Глава 2. Вероятность и теория познания

1. Я не хотел бы углубляться в вопросы эпистемологии, ответы на которые мне неизвестны; кроме того, мне хотелось бы как можно скорее подойти к особому разделу философии или логики, являющемуся предметом этой книги. Но некоторое объяснение необходимо, чтобы читатель понимал, из чего исходит автор; поэтому я выйду за пределы того, что было намечено или предполагалось в первой главе.
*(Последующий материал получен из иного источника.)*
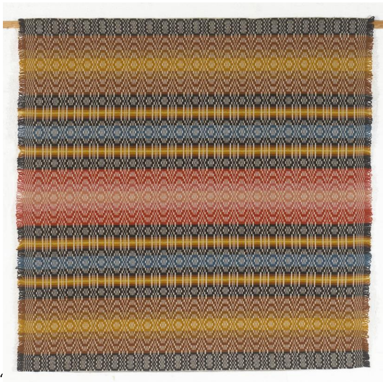
Nr 5 HUSO-TEPPET
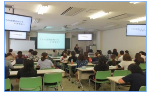
③ 「発達障害って？」 ～子どもの育ちを支えるために～

2. Прежде всего существует различие между той частью нашей веры, которая является рациональной, и той частью, которая таковой не является. Если человек в чем-то уверен, имея для этого нелепые основания или вовсе их не имея, а то, в чем он уверен, оказывается истинным по какой-то неизвестной ему причине, нельзя сказать, что его вера в это является рациональной, хотя то, чему он верил, в самом деле истинно. Вместе с тем человек может на разумных основаниях считать какое-то суждение вероятным, хотя на самом деле оно ложно. Таким образом, различие между рациональной верой и просто верой – не то же самое, что различие между истинным и ложным мнением. Наивысшая степень рациональной веры, именуемая достоверной рациональной верой, соответствует знанию. Можно сказать, что мы знаем нечто, если мы обладаем достоверной рациональной верой в это, и наоборот. По некоторым причинам, которые станут понятными после того, как в следующем параграфе мы рассмотрим степени рациональной веры, знание предпочтительно рассматривать как фундаментальную [категорию] и через нее определять рациональную веру.

3. Далее мы рассмотрим различие между той частью рациональной веры, которая достоверна, и той, что является лишь вероятной. Вера, рациональна она или нет, допускает различные степени. Наивысшая степень рациональной веры, или рациональная достоверность нашей веры, и ее отношение к знанию были рассмотрены выше. Каково же отношение к знанию различных степеней рациональной веры?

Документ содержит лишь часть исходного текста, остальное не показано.